Chief Justice of Myanmar
- Incumbent
- Assumed office 30 March 2011
- Appointed by: Thein Sein
- Preceded by: Aung Toe

Deputy Chief Justice of Myanmar
- In office 2007–2011

Personal details
- Born: 28 July 1956 (age 69) Burma
- Spouse: Aye Aye Thein
- Education: B.A. (Law), LL.B (1979) (Rangoon University)
- Occupation: Lawyer

Military service
- Allegiance: Myanmar
- Branch/service: Myanmar Army
- Commands: Southwest Command (1981-1989) Major, Military Advocate General Office (1990-1994)

= Htun Htun Oo (chief justice) =

Chief Justice of Myanmar (2011–present)

Htun Htun Oo (ထွန်းထွန်းဦး; also spelt Tun Tun Oo; born 28 July 1956) is the Chief Justice of the Supreme Court of Myanmar (Burma).
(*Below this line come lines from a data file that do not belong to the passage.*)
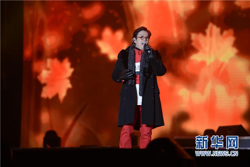 歌手谭咏麟在晚会现场演唱,将晚会推向高潮。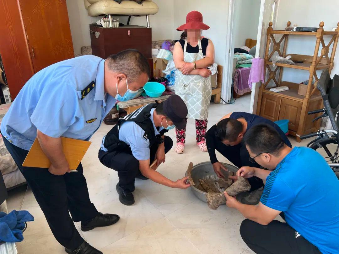 获此信息后,呼伦边境派出所高度重视,迅速安排民警进行入户走访和调查核实,在相关政策法规面前,刘某主动上交了发现的4块疑似古生物骨化石。
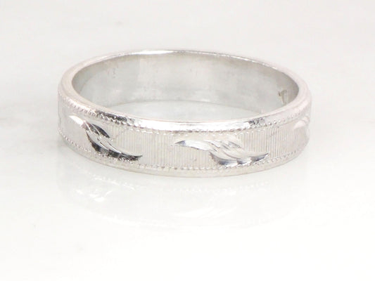 Vintage Platinum Wedding Band: Mid-Century Engraved Stacking Ring, Size 5.5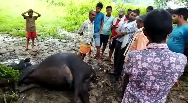 ज्ञानपुर: आकाशिय विजली गिरने के कारण दो भैसों की मौत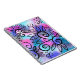 A funny little bird, lovely floral elements, and a little heart on a pink, purple and turquoise background.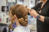 Zdjęcie "Szykuję się na imprezę. Młoda ładna dziewczyna siedzi w salonie piękności, podczas gdy fryzjer i makijaż artysta co jej wygląd piękny. Profesjonalny proces pracy w studio. Kochaj siebie. Poranek panny młodej." może być wykorzystywane do celów osobistych i komercyjnych zgodnie z warunkami zakupionej licencji Royalty-free. Obraz jest dostępny do pobrania w jakości wysokiej rozdzielczości do 5760x3840.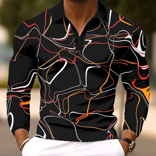 Per uomo Geometrico Linea Polo Manica Lunga Magliette polo Bavero Casual Streetwear Athleisure Abbigliamento quotidiano Stampa 3D Bottoni Primavera Autunno Inverno Nero Bianco Rosso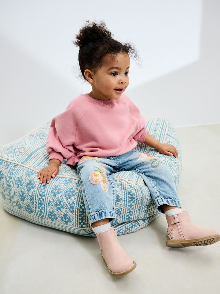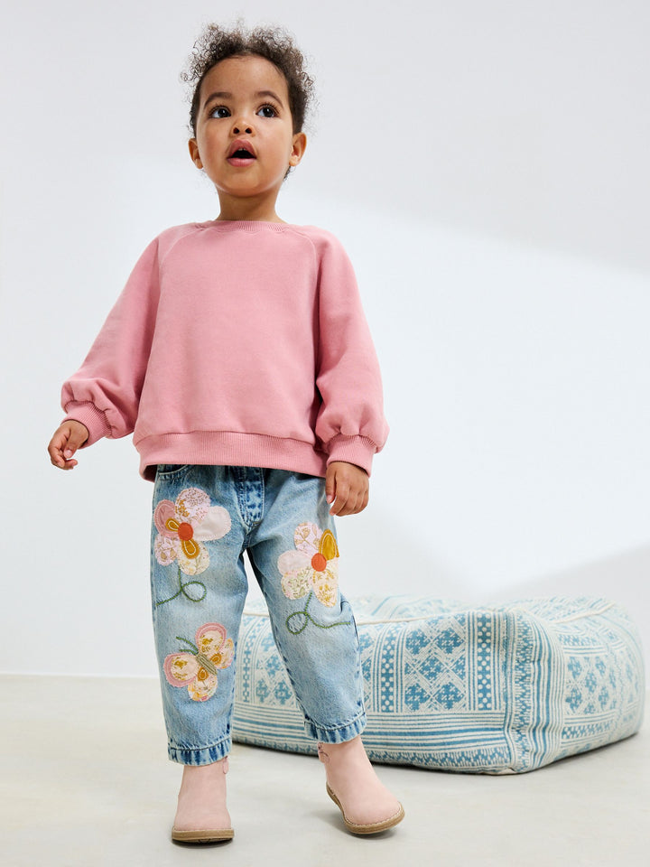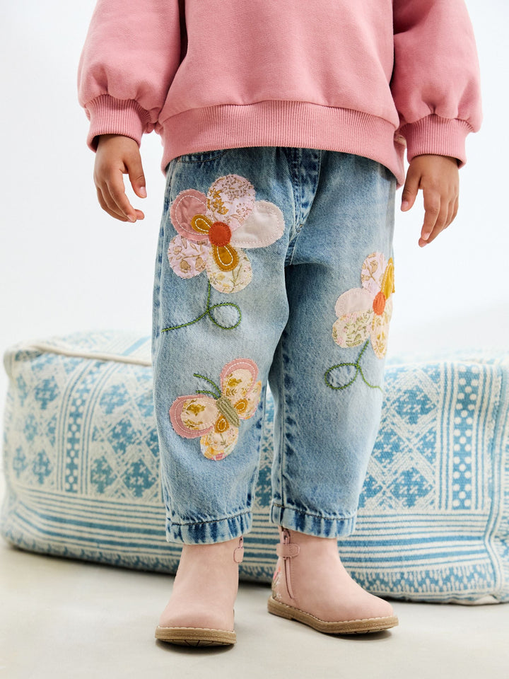 Mid Blue Denim Floral Appliqué Jeans (3mths-7yrs)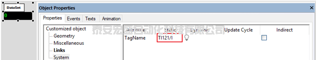 我們以最簡(jiǎn)單的 I/O 域創(chuàng)建一個(gè)自定義對(duì)象來測(cè)試。在2.1章節(jié),MonAnL-APL_OpenCurveControl 的 lpszUnit 參數(shù)賦值使用了 tag,而 MotL 則在 lpszValue 中使用了 tag,所以 tag 為對(duì)應(yīng)的塊圖標(biāo)屬性中的 TagName。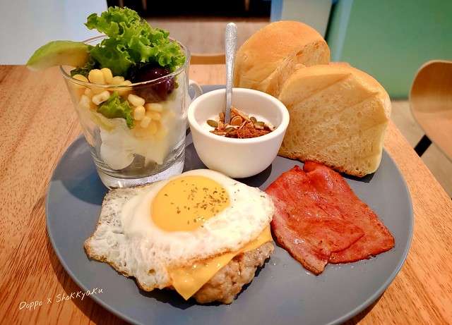這份拼盤除了主食的豬肉漢堡肉外,還有兩片培根、沙拉、兩片小吐司跟優格,非常的豐盛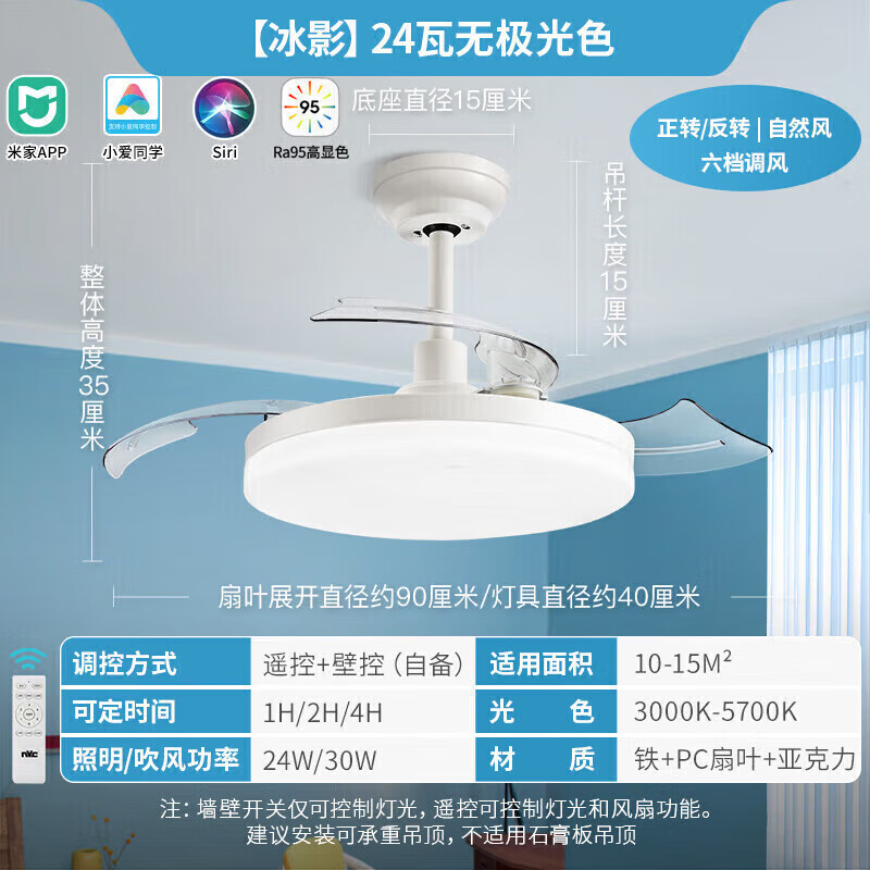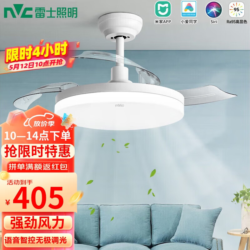雷士(NVC)吊扇灯隐形风扇灯极简餐厅卧室语音米家智控无极调光调色变频36寸价格:450.00元!

He was nominated by President Thein Sein to the post in February 2011. He previously served as captain in the Southwestern Regional Command of the Myanmar Army from 1981 to 1989, and held the posts of Military Advocate General (1990-1994) and Deputy Chief Justice (2007-2011).

== Personal Sanctions ==
On 31 January 2022, the U.S. Department of the Treasury added Htun Tun Oo to its Specially Designated Nationals (SDN) list.

On 8 November 2022, the European Council adopted a decision placing restrictive measures against a number of junta-appointed officials who actively participate in efforts to legitimize the junta and actively undermine democracy and stability in Myanmar, including Htun Htun Oo. It was stated that he as the junta-backed Chief Justice has participated in number of unfair trials against pro-democracy activists and opposition actors using the full power of justice system to commit acts of oppression.